This fact was brought to the attention of the city by a local resident who is an environmentalist and bird watcher. Mike Miller was concerned because he knew the birds would not stay in town if there were not enough nests.

City Manager Scott Lazenby, who has a swallow nest outside his kitchen window, sent the city's economic development manager, David Snider, to remedy the situation.

Miller's and Snider's first thought was to erect some manmade bird boxes and hope the birds decided to choose the boxes for nests.

They certainly wanted to encourage the birds to continue making Sandy their home in the good-weather months.

Their usual life pattern is to winter in Panama and to move north in the early spring, living in good weather places from late April through August.

'These very beneficial violet green swallows,' Miller said, 'are clean, non-destructive, entertaining and easy to accommodate.'

Bringing the situation to the attention of a manager at Ace Hardware, neither Miller nor Snider needed to ask if they had bird boxes for sale. They were immediately offered to the city (which paid the bill) at Ace's wholesale cost.

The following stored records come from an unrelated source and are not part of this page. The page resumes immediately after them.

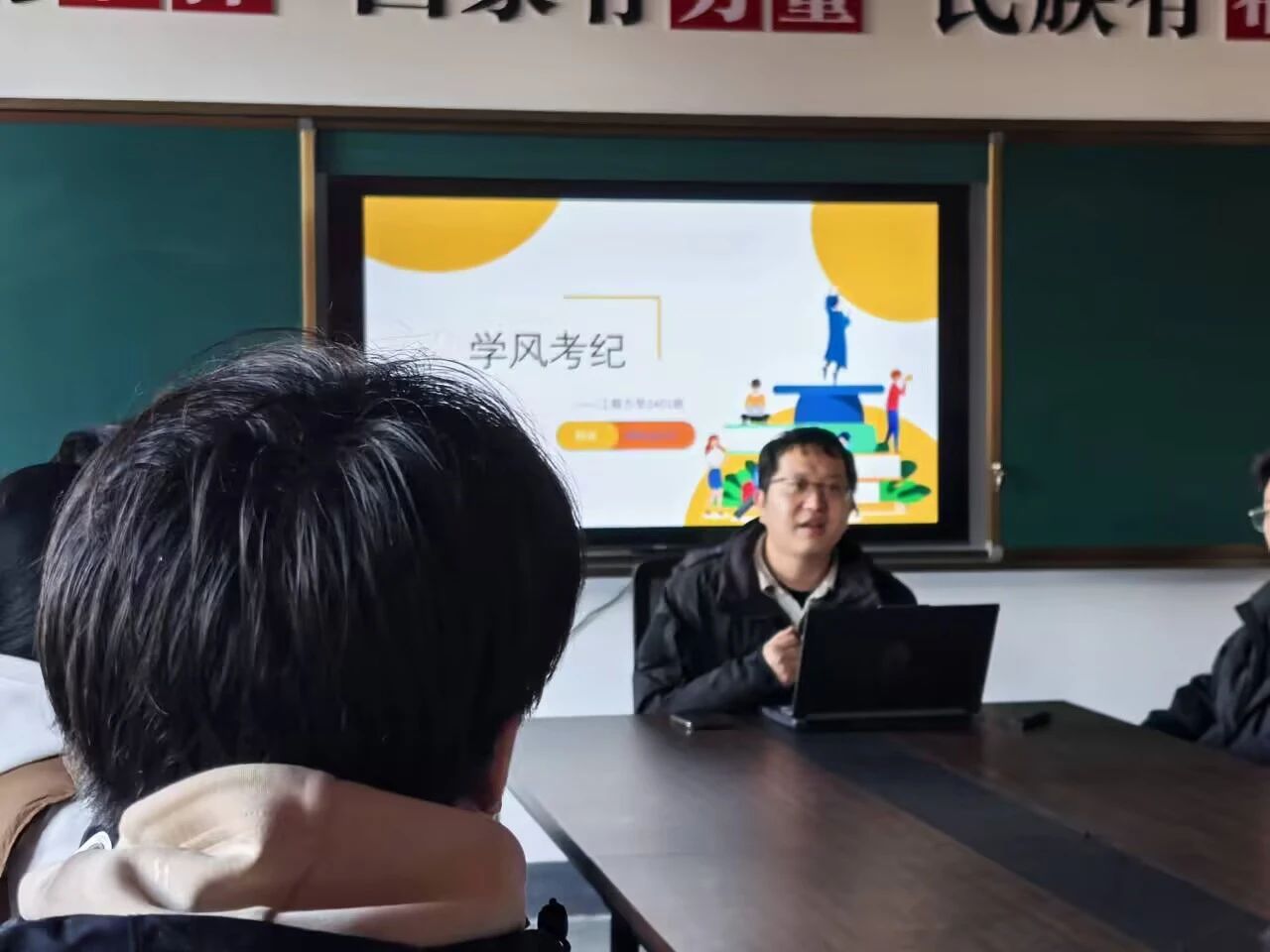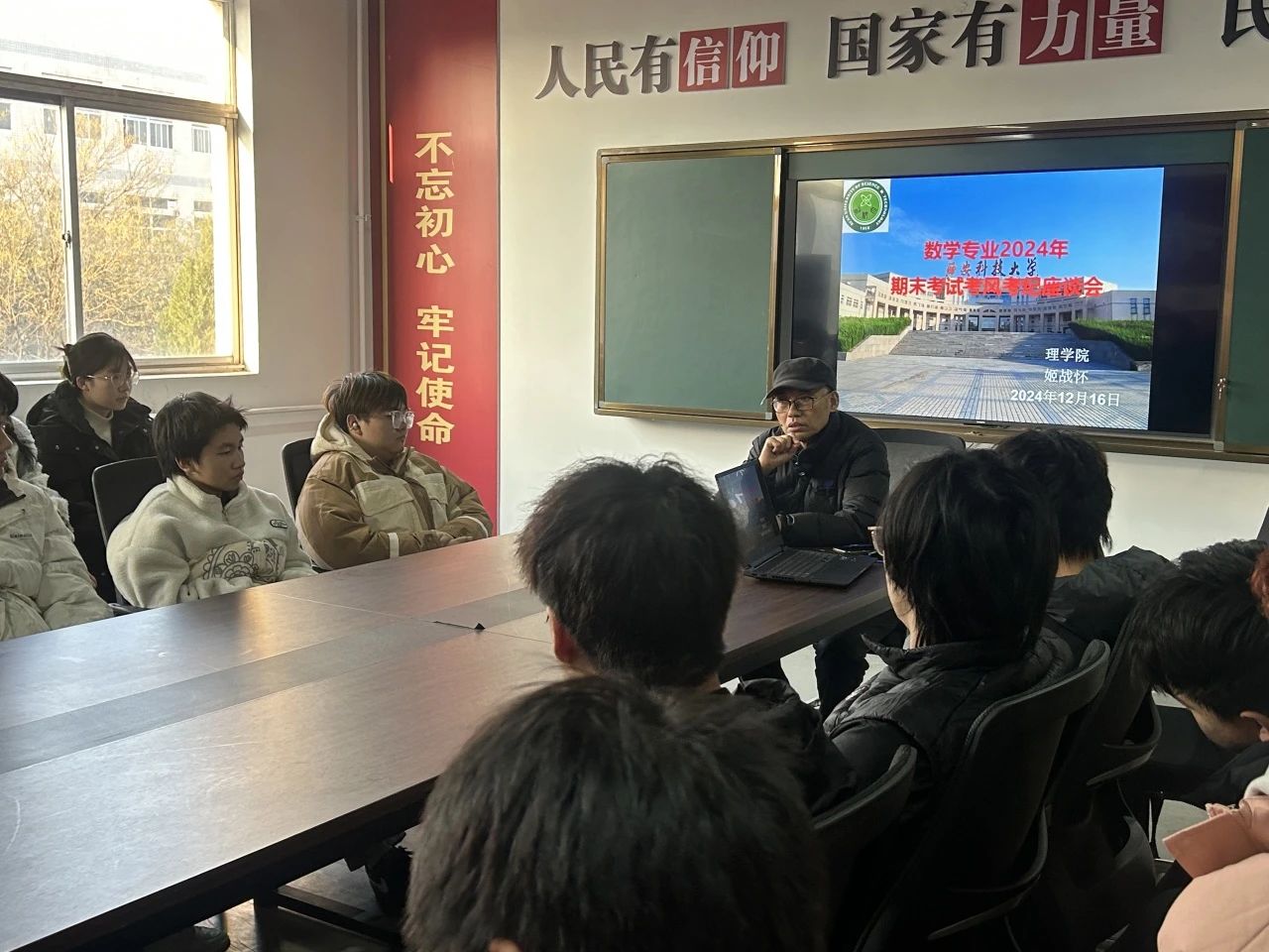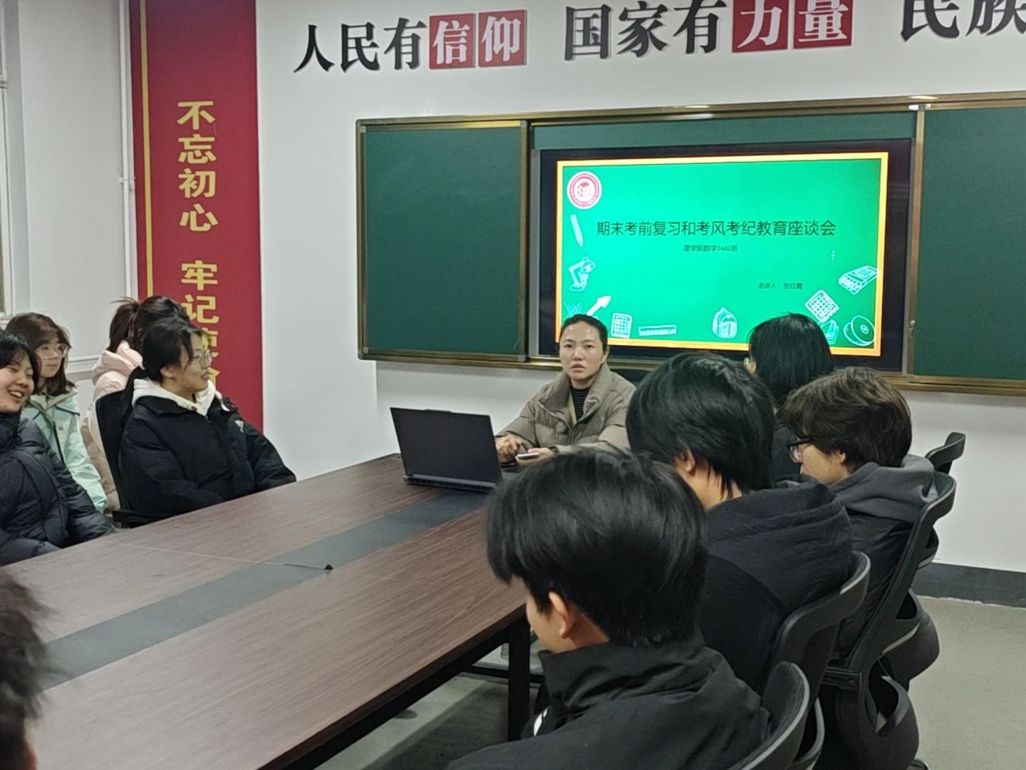 12月16日,太阳成集团tyc122cc于“一站式”员工社区举办了期末考试考风考纪座谈会,本次座谈会由数学与应用数学2401班班主任姬战怀主持,数学与应用数学2401班参加。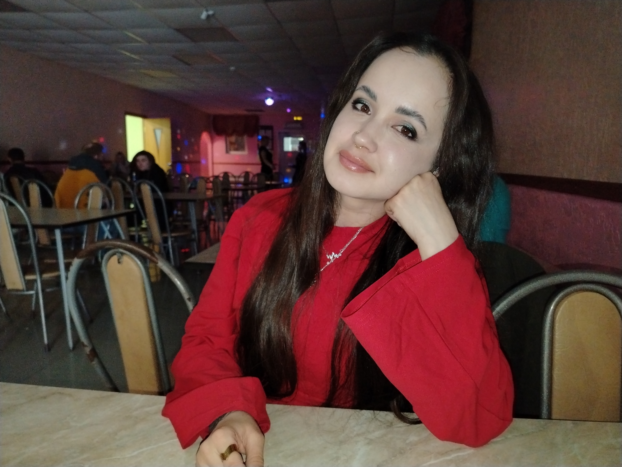 - "The image depicts a woman seated at a light-colored table in a dimly lit indoor establishment located in Kuyeda, Russia" by FM-J8Ma03, licensed under CC BY 4.0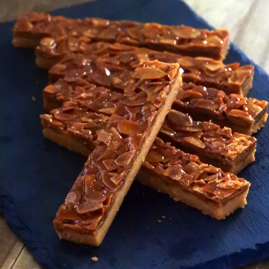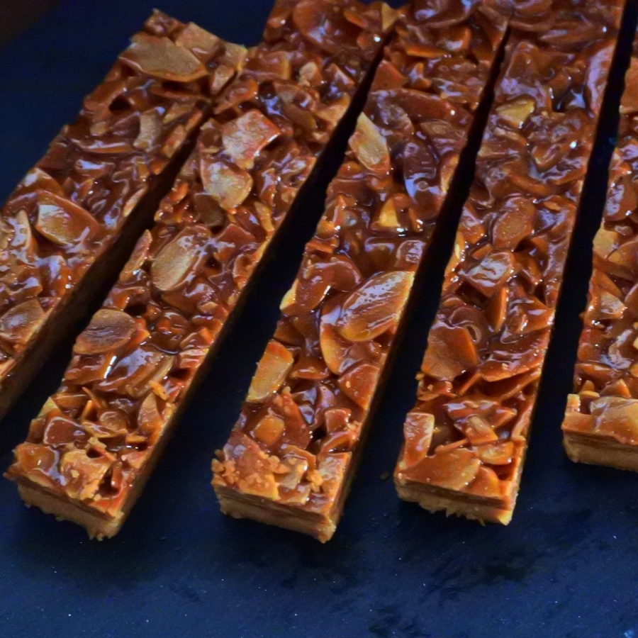 軽いサクサクのサブレと、はちみつや生クリームをじっくり煮詰めたキャラメルアーモンドを一緒に焼き上げたお菓子です。

A dozen boxes, furnished by Ace Hardware, were then fastened to secure locations at City Hall, Sandy Library, Community Center, AEC Building, Frontier Building and Chariteas Café. In addition, Ace Hardware and the Sandy Fire Station erected their own boxes.

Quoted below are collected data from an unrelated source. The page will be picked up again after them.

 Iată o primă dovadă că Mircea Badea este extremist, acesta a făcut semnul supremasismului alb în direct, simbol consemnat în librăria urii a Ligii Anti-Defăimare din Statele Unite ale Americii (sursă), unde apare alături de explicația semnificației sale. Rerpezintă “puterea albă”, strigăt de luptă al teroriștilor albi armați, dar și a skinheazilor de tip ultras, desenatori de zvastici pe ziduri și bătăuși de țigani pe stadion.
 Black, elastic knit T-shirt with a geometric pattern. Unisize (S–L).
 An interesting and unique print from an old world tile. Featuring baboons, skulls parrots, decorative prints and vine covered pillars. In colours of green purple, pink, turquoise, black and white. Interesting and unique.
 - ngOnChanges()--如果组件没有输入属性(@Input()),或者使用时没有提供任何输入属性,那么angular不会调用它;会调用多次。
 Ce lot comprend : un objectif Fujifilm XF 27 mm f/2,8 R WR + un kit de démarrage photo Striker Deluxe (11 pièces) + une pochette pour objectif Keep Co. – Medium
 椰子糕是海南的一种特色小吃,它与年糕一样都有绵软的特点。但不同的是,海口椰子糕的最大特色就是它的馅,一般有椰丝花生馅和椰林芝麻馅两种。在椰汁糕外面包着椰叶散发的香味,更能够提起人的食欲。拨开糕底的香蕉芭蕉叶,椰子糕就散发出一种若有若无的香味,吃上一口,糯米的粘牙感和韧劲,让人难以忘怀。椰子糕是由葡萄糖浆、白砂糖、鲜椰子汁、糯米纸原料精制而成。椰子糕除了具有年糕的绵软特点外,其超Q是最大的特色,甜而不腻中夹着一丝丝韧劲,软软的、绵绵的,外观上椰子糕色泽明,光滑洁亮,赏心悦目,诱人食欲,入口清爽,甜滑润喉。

Unfortunately, according to Miller, some of the boxes went up too late, and the number of swallows in Sandy also is fewer this year.

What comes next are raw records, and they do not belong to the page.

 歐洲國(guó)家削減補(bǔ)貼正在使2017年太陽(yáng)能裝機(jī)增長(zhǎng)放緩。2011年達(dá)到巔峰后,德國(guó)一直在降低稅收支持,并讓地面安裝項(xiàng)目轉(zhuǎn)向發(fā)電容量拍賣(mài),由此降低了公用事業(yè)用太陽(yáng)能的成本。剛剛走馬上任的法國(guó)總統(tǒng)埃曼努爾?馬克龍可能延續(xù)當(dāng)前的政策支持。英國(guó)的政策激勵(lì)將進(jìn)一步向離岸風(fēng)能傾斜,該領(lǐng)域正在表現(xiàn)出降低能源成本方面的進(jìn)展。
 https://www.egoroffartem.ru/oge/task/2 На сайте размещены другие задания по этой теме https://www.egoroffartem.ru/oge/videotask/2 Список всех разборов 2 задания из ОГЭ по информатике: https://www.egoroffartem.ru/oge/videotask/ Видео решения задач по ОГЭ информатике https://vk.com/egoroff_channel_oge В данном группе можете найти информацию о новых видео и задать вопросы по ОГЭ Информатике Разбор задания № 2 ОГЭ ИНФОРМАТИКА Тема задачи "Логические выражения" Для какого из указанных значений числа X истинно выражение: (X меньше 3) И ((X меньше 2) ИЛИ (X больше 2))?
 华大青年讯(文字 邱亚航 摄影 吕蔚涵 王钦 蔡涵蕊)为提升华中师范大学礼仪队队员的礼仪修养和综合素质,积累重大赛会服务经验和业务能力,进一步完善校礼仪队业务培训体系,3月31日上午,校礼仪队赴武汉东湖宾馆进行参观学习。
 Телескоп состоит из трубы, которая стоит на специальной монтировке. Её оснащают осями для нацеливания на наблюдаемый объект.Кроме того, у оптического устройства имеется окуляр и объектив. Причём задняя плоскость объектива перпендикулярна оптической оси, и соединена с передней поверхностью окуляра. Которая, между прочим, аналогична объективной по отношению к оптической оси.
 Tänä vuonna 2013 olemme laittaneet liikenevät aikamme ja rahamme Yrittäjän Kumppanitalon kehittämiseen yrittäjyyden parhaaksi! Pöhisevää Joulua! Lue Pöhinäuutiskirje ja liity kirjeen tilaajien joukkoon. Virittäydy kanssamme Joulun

A couple of weeks ago, there was a frenzy among the aerobatic nesting pairs because they were anxious for a nesting place. Miller said he saw about 10 birds fighting for the nest at the fire station.

But, Miller reports, all of the pairs have found nesting places.

Miller says he keeps his eyes on the sky while he is walking around town. First he hears the shrill chirp and then he sees the extremely agile birds doing their acrobatics in flight, mainly over the off-street parking lot west of Ace Hardware - all the way to the west side of the library and beyond.

'They've been coming back every year for generations,' he said, 'and they find these same little spots (for their nests). They feed while flying, and you'll rarely see them on the ground. They're very entertaining because they're endlessly acrobatic.'

Nesting near a parking lot is unusual for swallows, he says, because they prefer the edge of wetland areas where they can feed on small insects such as mosquitos - their favorite delicacy.

That fact makes their presence in downtown Sandy a benefit to local residents because while they are flying over the city they also are scooping up mosquitos and other small airborne creatures.

For a while, Miller was concerned that the absence of some of the nesting places would drive the birds out of town, but he has changed his mind.

'The heavy competition (for nests) and willingness to use the new box at Ace Hardware,' Miller said, 'tells me they'll be right back up in numbers next year.'

So this story ends with several positive outcomes, and everyone involved becomes a winner: local businesses, the city of Sandy and local residents. But especially Mother Nature and her cute little creatures.

People such as Snider and Lazenby are just happy they could contribute to the quality of life in the city.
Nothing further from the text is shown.